§ **Data**:
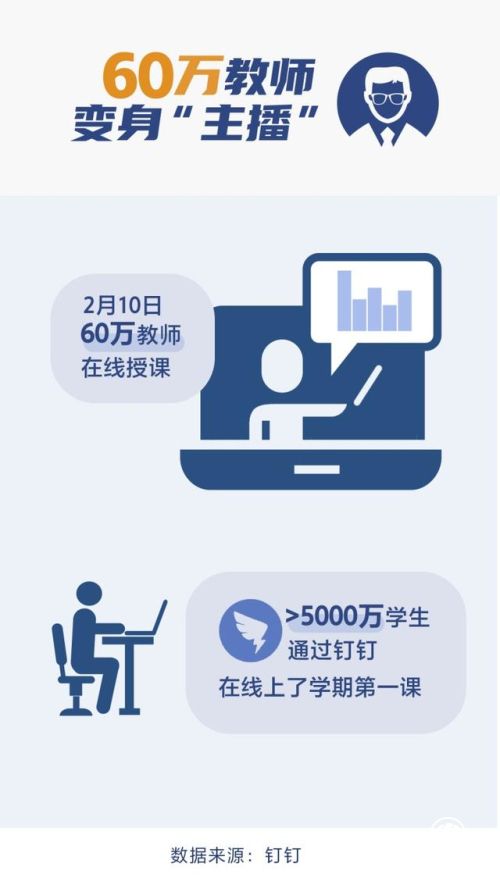 为响应教育部“停课不停学”要求,阿里巴巴发起“在家上课”计划,疫情期间,钉钉“在线课堂”功能免费向全国大中小学开放。截至1月31日,广东、江苏、河南等20多个省份加入计划,超过1万所大中小学、500万学生通过钉钉直播的方式上课;截至2月10日,60万教师在线授课,超过5000万学生通过钉钉,在线上了学期的第一课。此外,ClassIn、EduSoho、沐坤科技等在线直播平台均免费开放技术能力,提供技术支持。新东方几十万学生已经开始陆续接入新东方线上直播系统“云课堂”。
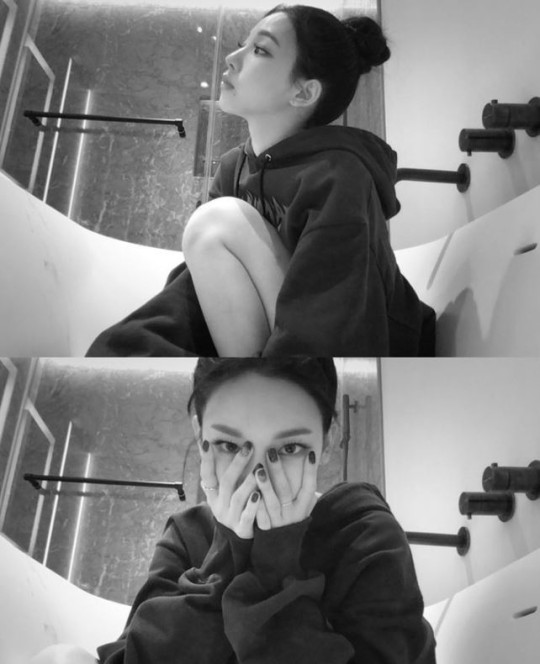 In the photos, Karina is wearing an oversized hoodie with her hair up in a clean bun.
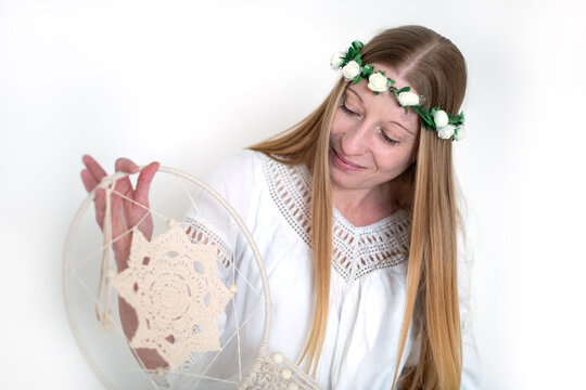 The innocent image of a young woman with long hair in a pink wreath and a white dress on a white background in the studio, in the hands of a dreamcatcher of pastel cotton threads. Purity and Harmony.
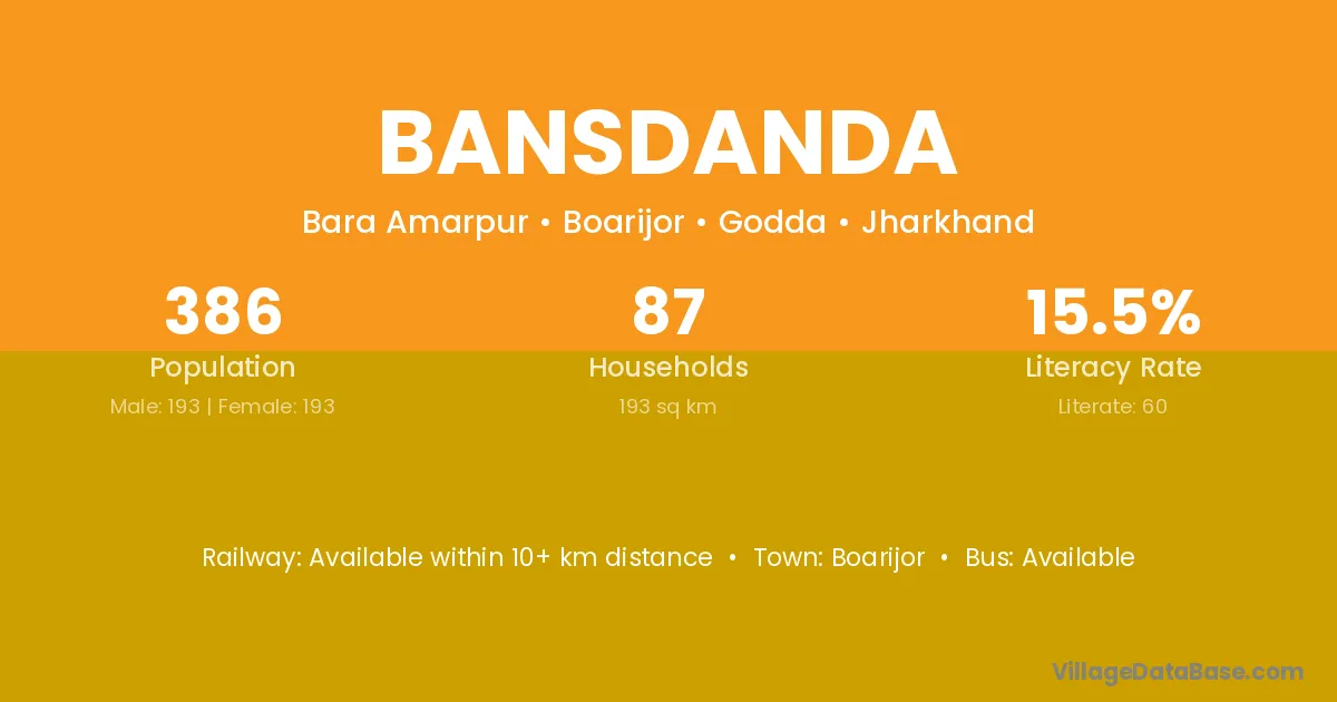 Bansdanda village has a total population of 386 people, of which 193 are males and 193 are females.
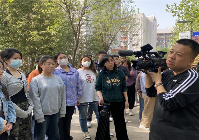 在讲解无人机和相机在外景的运用时,两位导师带领学生到室外,亲自实操演练了拍摄机器正确的使用方法和拍摄姿势,教授无人机调试、操控、拍摄构图等技能。严文团副台长以后者为切入点,围绕无人机在低空飞行、越景观飞行、侧向飞行、向后远拉飞行、围绕目标点进行环绕飞行这五大技巧示范讲解。鼓励在场学生可以结合不同的轴运动,寻找一些创意角度进行拍摄。在指导学生实操前强调每位操作人员要对无人机航空摄影建设安全意识,注意他人、自己及器材安全,建立良好的飞行操作流程习惯。同学们认真倾听,并学以致用,在实操中遇到了问题一一请教,都得到了耐心细致的答复,现场氛围十分活跃。
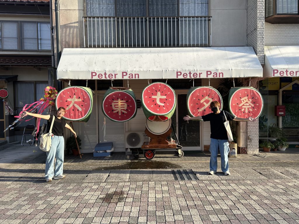 夕方からは大東七夕まつりへ。偶然にも大東七夕まつりの開催日と重なったラッキーな2025年度のzemi合宿メンバーは地元商工会青年部の皆さんに教わりながら、運営スタッフとして関わらせていただきました。祭りや花火を楽しむ中で、地域の行事が生み出す人のつながりや、関わりしろの広さを実感しました。
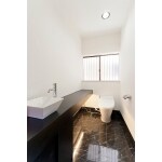 中古物件購入で水廻りの改装を希望。 木目や自然素材の雰囲気があまり好みではなく、シャープでモダンなイメージにしたい。
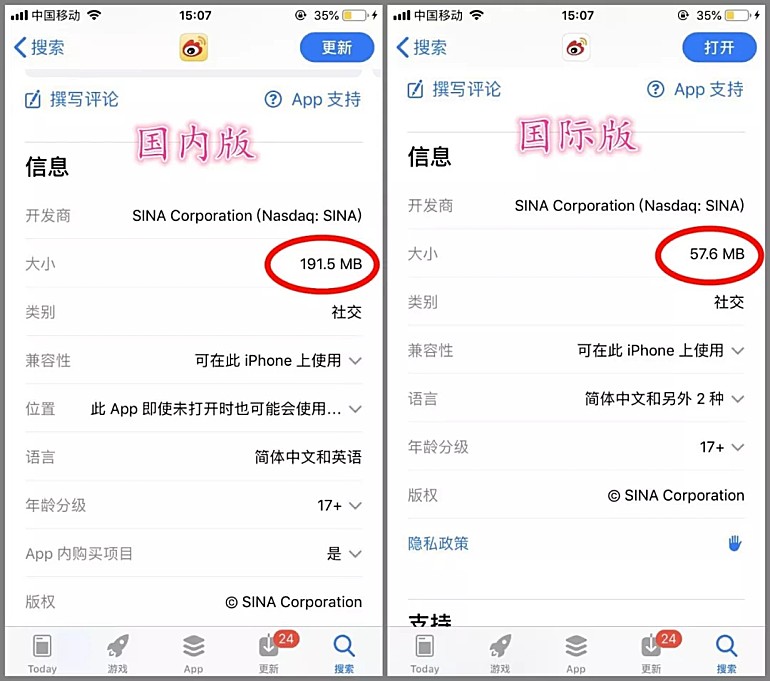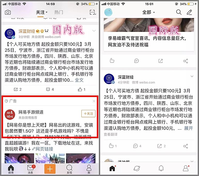 实际上,不光是爱奇艺、微博等这样,凡是大家常用的软件都是分国内版本跟国际版本的,国际版大多都是特别清爽无添加的APP,不会像国内这样臃肿而且好多广告。
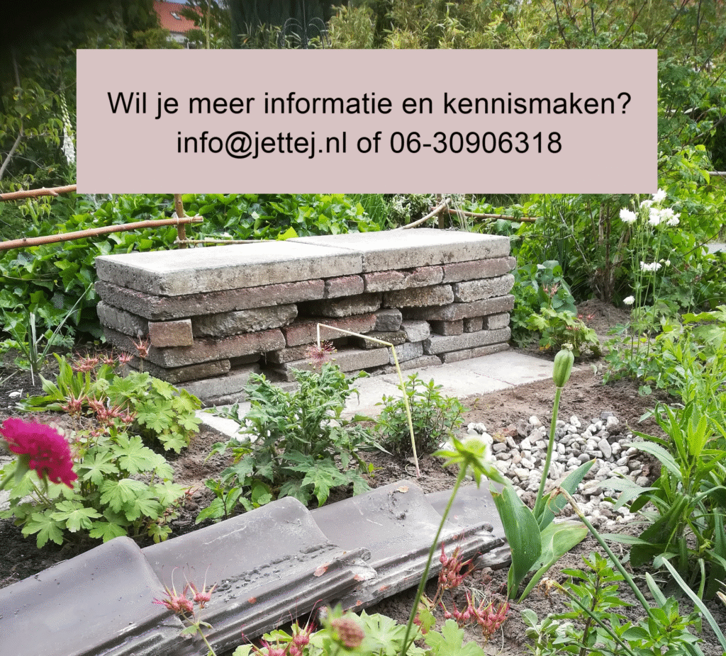 Ik ben Jette, vrouw van 50 jaar en ik heb een grote liefde voor de natuur, tuinen en vormgeving. Ik ben mijn werkende carrière begonnen als grafisch vormgever met daarnaast veel taken op het gebied van communicatie en organisatie. Ook heb ik vele jaren in de kinderopvang gewerkt en kinderen de liefde en verwondering voor de natuur mee kunnen geven.
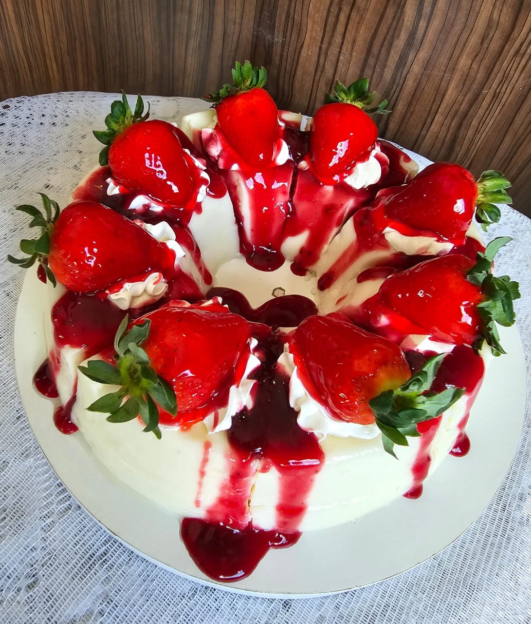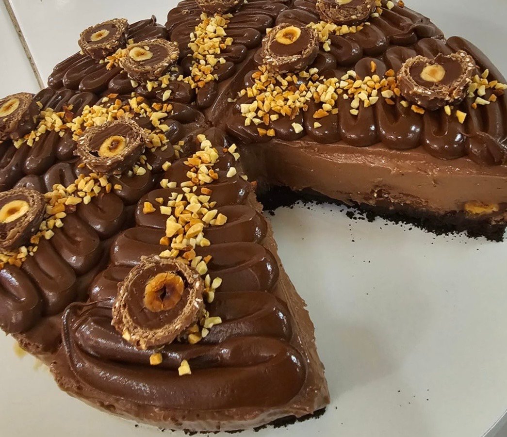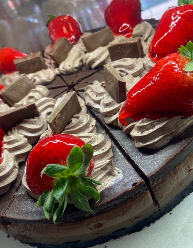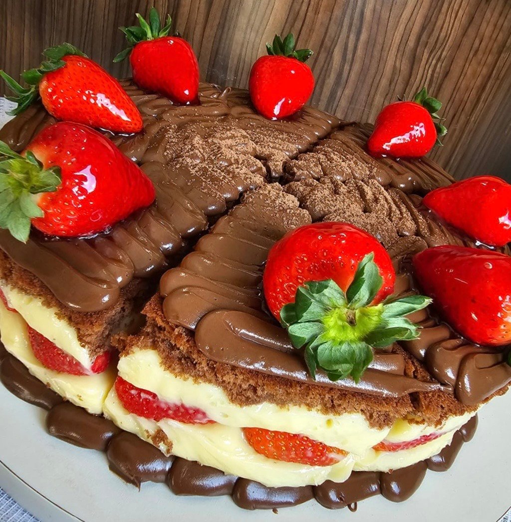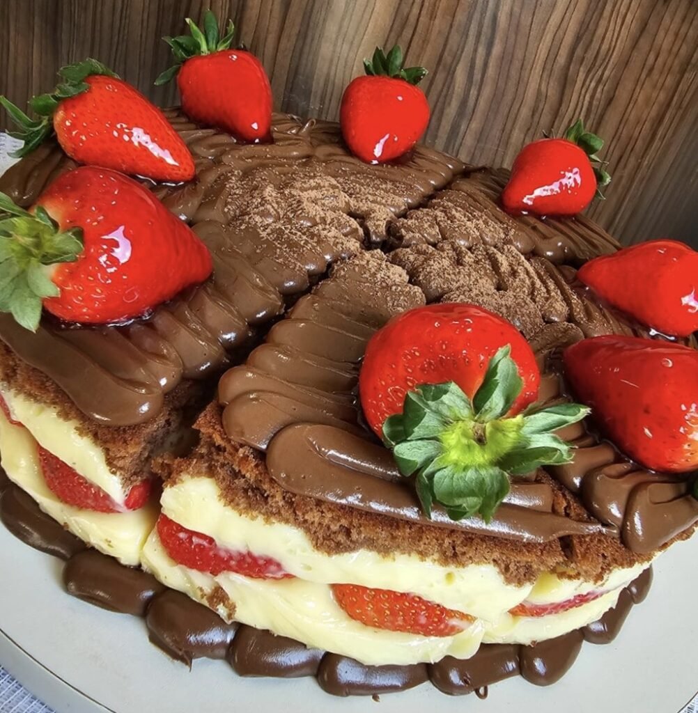 Bolo de Brigadeiro de ninho com morangos frescos e brigadeiro de Nutella na cobertura
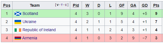 Украина теперь на втором месте в группе (7 очков), лидером стала Шотландия (9 пунктов). Далее Украина сыграет на выезде в Армении (24 сентября), а затем будет решающий матч против Шотландии в Кракове (27 сентября).
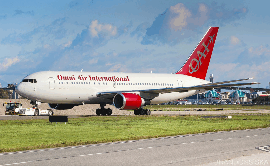 El avión de la empresa Omni Air International, un Boeing 767-300 con capacidad para 247 pasajeros, que fue rentado por la administración de Donald Trump, en Washington. Partirá a primera hora de la mañana, desde un aeropuerto que no fue revelado.
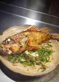 旨魚料理 オニの兜煮眞子肝胃袋添え まるかつ水産 旬の旨い魚を自前調達
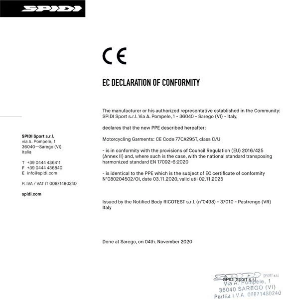 - CE: Motorradfahrer Schutzbekleidung entsprechend der Verordnung (UE)2016/454
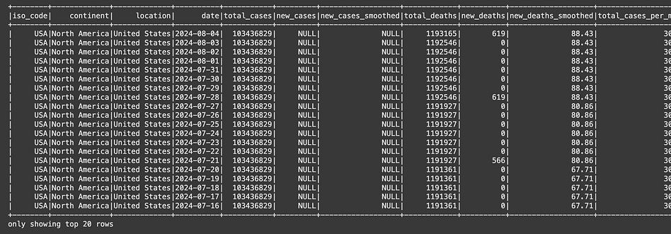 df.filter(df.location == “United States”).orderBy(F.desc(”date”)).show()
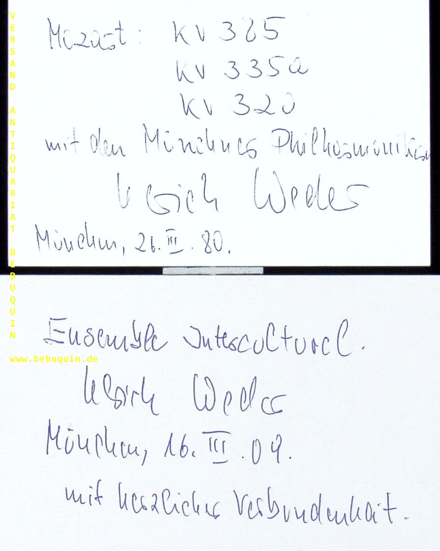WEDER, Ulrich (Dirigent): 2 eigenhändig datierte und signierte Autogrammkarten. München (Philharmonie), 1980 + 2009. 8 x 12,5 cm. 2 Karteikarten. Ulrich Weder (Dirigent) (1934–2012), deutscher Dirigent. (Wikipedia)

§ **What to produce**: Reproduce the listing exactly, minus its pictures.

§ **Solution to this task**:
 为响应教育部“停课不停学”要求,阿里巴巴发起“在家上课”计划,疫情期间,钉钉“在线课堂”功能免费向全国大中小学开放。截至1月31日,广东、江苏、河南等20多个省份加入计划,超过1万所大中小学、500万学生通过钉钉直播的方式上课;截至2月10日,60万教师在线授课,超过5000万学生通过钉钉,在线上了学期的第一课。此外,ClassIn、EduSoho、沐坤科技等在线直播平台均免费开放技术能力,提供技术支持。新东方几十万学生已经开始陆续接入新东方线上直播系统“云课堂”。
 In the photos, Karina is wearing an oversized hoodie with her hair up in a clean bun.
 The innocent image of a young woman with long hair in a pink wreath and a white dress on a white background in the studio, in the hands of a dreamcatcher of pastel cotton threads. Purity and Harmony.
 Bansdanda village has a total population of 386 people, of which 193 are males and 193 are females.
 在讲解无人机和相机在外景的运用时,两位导师带领学生到室外,亲自实操演练了拍摄机器正确的使用方法和拍摄姿势,教授无人机调试、操控、拍摄构图等技能。严文团副台长以后者为切入点,围绕无人机在低空飞行、越景观飞行、侧向飞行、向后远拉飞行、围绕目标点进行环绕飞行这五大技巧示范讲解。鼓励在场学生可以结合不同的轴运动,寻找一些创意角度进行拍摄。在指导学生实操前强调每位操作人员要对无人机航空摄影建设安全意识,注意他人、自己及器材安全,建立良好的飞行操作流程习惯。同学们认真倾听,并学以致用,在实操中遇到了问题一一请教,都得到了耐心细致的答复,现场氛围十分活跃。
 夕方からは大東七夕まつりへ。偶然にも大東七夕まつりの開催日と重なったラッキーな2025年度のzemi合宿メンバーは地元商工会青年部の皆さんに教わりながら、運営スタッフとして関わらせていただきました。祭りや花火を楽しむ中で、地域の行事が生み出す人のつながりや、関わりしろの広さを実感しました。
 中古物件購入で水廻りの改装を希望。 木目や自然素材の雰囲気があまり好みではなく、シャープでモダンなイメージにしたい。
 实际上,不光是爱奇艺、微博等这样,凡是大家常用的软件都是分国内版本跟国际版本的,国际版大多都是特别清爽无添加的APP,不会像国内这样臃肿而且好多广告。
 Ik ben Jette, vrouw van 50 jaar en ik heb een grote liefde voor de natuur, tuinen en vormgeving. Ik ben mijn werkende carrière begonnen als grafisch vormgever met daarnaast veel taken op het gebied van communicatie en organisatie. Ook heb ik vele jaren in de kinderopvang gewerkt en kinderen de liefde en verwondering voor de natuur mee kunnen geven.
 Bolo de Brigadeiro de ninho com morangos frescos e brigadeiro de Nutella na cobertura
 Украина теперь на втором месте в группе (7 очков), лидером стала Шотландия (9 пунктов). Далее Украина сыграет на выезде в Армении (24 сентября), а затем будет решающий матч против Шотландии в Кракове (27 сентября).
 El avión de la empresa Omni Air International, un Boeing 767-300 con capacidad para 247 pasajeros, que fue rentado por la administración de Donald Trump, en Washington. Partirá a primera hora de la mañana, desde un aeropuerto que no fue revelado.
 旨魚料理 オニの兜煮眞子肝胃袋添え まるかつ水産 旬の旨い魚を自前調達
 - CE: Motorradfahrer Schutzbekleidung entsprechend der Verordnung (UE)2016/454
 df.filter(df.location == “United States”).orderBy(F.desc(”date”)).show()
WEDER, Ulrich (Dirigent): 2 eigenhändig datierte und signierte Autogrammkarten. München (Philharmonie), 1980 + 2009. 8 x 12,5 cm. 2 Karteikarten. Ulrich Weder (Dirigent) (1934–2012), deutscher Dirigent. (Wikipedia)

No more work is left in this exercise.